Es verdad. El abismo, la posibilidad de romper por las malas, creando caos y crisis económica en ambos lados del Canal de la Mancha y dejando en la incertidumbre a los europeos que viven en el Reino Unido y los británicos del continente, está un poco más lejos. El acuerdo alcanzado debería garantizar que no vuelva a haber una frontera física entre las dos Irlandas, algo extremadamente delicado puesto que pondría en riesgo los años de paz en este sangriento territorio.

Este es el asunto más delicado de la negociación porque podría derivar en la propia desintegración británica. Escocia, que votó mayoritariamente en contra del 'brexit', mira de reojo. Nadie se tomó a la frontera en serio durante el referéndum. Los detalles espinosos se llevan mal con la deriva emocional de las consultas históricas.

El reto de May

Comienza ahora otra batalla en la que los europeos serán espectadores. Theresa May debe convencer a su Gobierno de que el acuerdo alcanzado es el mejor de los escenarios posibles. Sus aliados más próximos le darán su apoyo. Es posible que los más euroescépticos de su gabinete le digan que no. Es probable que los más fanáticos antieuropeos de su partido le digan poco menos que ha traicionado a la patria. May siempre vive al límite, pero los próximos días la posibilidad de que caiga serán especialmente elevados.

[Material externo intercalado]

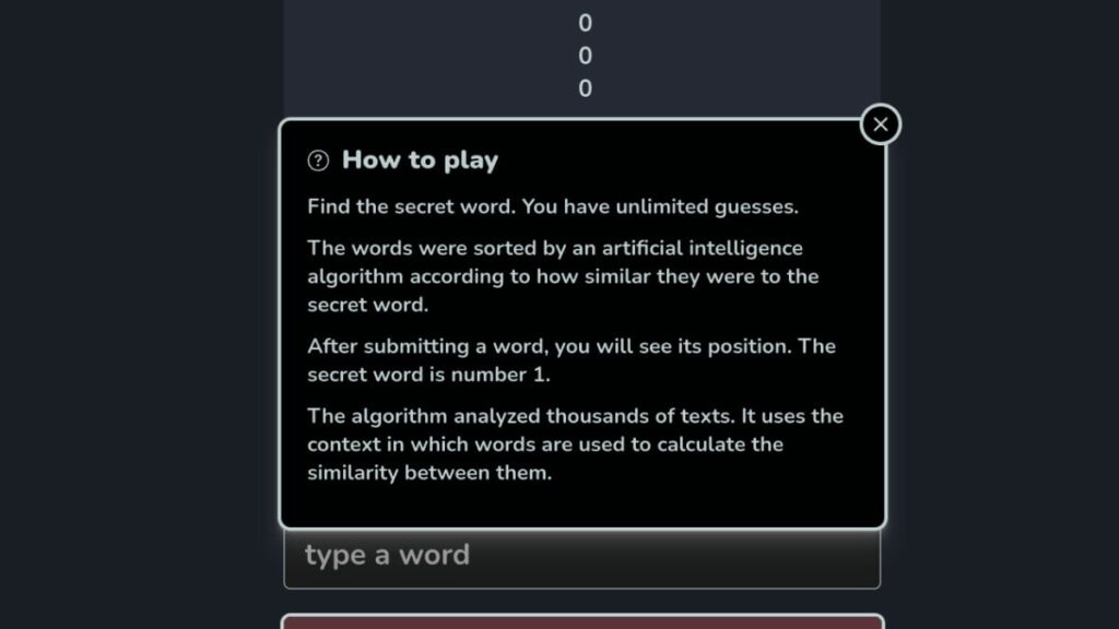 4. Continue guessing words, using the ranking as a guide to get closer to the right word.

Si May logra contar con el apoyo de su Gobierno, deberá pedir la aprobación del Parlamento británico antes de Navidades. Los más fervientes defensores del 'brexit' votarán en contra, porque les parecerá que el periodo de transición que seguirá a la fecha de salida (30 de marzo del 2019) mantendrá al Reino Unido inaceptablemente bajo la esfera de influencia europea. Los moderados conservadores darán el sí, pero ¿qué harán los laboristas, los nacionalistas escoceses y los conservadores que están en contra del 'brexit'?

El ejemplo de Noruega

El dilema es formidable. A la mayoría les gustaría evitar la salida o como poco lograr que los británicos permanecieran en el mercado único, al estilo de Noruega. Votar a favor del acuerdo les resignaría a un divorcio con condiciones indeseables pero amistoso; votar en contra podría conducir a su país hacia un territorio absolutamente desconocido, propiciando la convocatoria de elecciones, la renegociación del acuerdo de salida, un nuevo referéndum o una salida de la Unión Europea sin acuerdo. Para ganar más tiempo para negociar o para dar marcha atrás, la UE debería estar de acuerdo. El 'brexit' nunca fue un asunto fácil.